My recent post entitled a secular warning for the airlines elicited a lot of comments from the pilot community. The comments fall mainly into the category of “if there is a pilot shortage why am I so badly paid/poorly treated?”
Don't confuse secular with cyclical effects
My answers consist of several parts. First, don’t confuse the secular effect with the cyclical effect. With airlines from Aloha to Frontier going into Chapter 11, a possible Delta-Northwest merger in the works and the US economy in recession, there should be a surplus of pilots in the short term – that’s the cyclical effect. The longer term secular effect is found at the age demographics of most flying clubs that I have visited – there are few members in their 20s and 30s. Members below the age of 50 seem to be the “young pups”.
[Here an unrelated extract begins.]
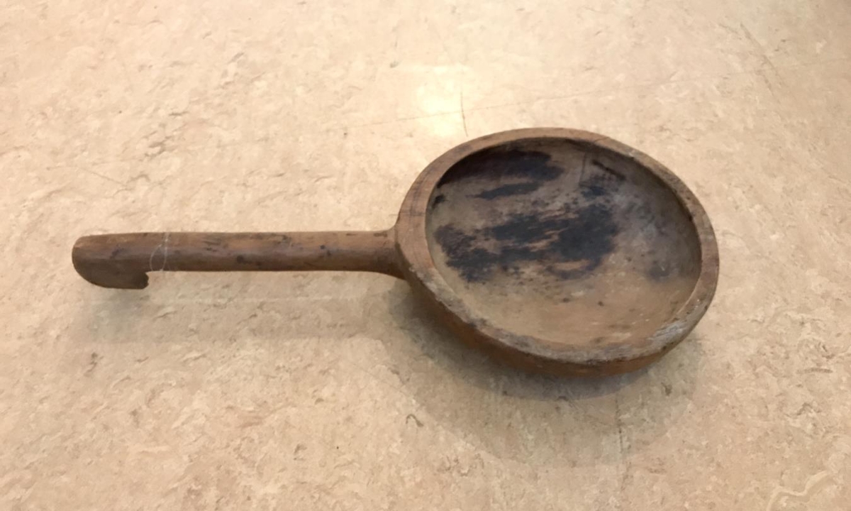 Kornausa úr tré 38 cm á lengd. Hún er af mjög svipaðri gerð og nr. 498, nema hvað handfangið er kringlótt og skálin er ekki eins djúp.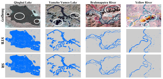To more intuitively show the effect and performance of each model for water extraction, this study selects Qinghai Lake Yamzho (the largest lake in the QTP), Yumco Lake (complex lake bay morphology), Yellow River (complex river morphology and background), and Brahmaputra River (complex river morphology and background) to compare the results of lake waterbody extraction. From left to right, the white oval areas on the imageries in Figure 7 are A1, A2, A3, a4, A5, A6, A7, A8, and A9. Dark areas are evident in large lakes with more extensive water surfaces, and the following three reasons most likely explain the occurrence of these areas: first, shadowing is enhanced by the min () function used in cloud-free image synthesis; second, the reflectance in the deep water zones of large lakes is intrinsically low; and third, lake ice within the lake is unfused. The occurrence of black areas is also one of the important reasons for the low extraction accuracy in waterbodies. Comparing the marine areas from A1 to A5 prone to omission error, it can be seen that SVM and RF algorithms can identify and extract these waterbody areas well.

Some airlines have begun to address this problem by doing their own training, which takes a long time to pay off, or moving to the multi-crew pilot concept in which someone gets qualified as a member of a cockpit crew instead of a pilot. Under this scheme, it is possible to qualify as a member of a cockpit crew without being qualified as a private pilot. This solution seems to be just a case of the blind leading the blind.
Pilots reap what they sow
The history of poor pay for pilots is related to the number of people who love flying. There are many pilots who would still say that they have the greatest job in the world despite the mediocre pay scales, long hours away from home, etc. If you are willing to accept those conditions in exchange for the experience of flying for a living, who do you have to blame for that?
Still a lot of denial out there about the secular trend
Nevertheless, I continue to be disappointed by the reaction to this secular trend. A recent discussion of air travel in 10 years by a number of observers in the aviation industry was mostly a case of people talking their own “book”, an indication that the industry remain in denial over the looming pilot shortage.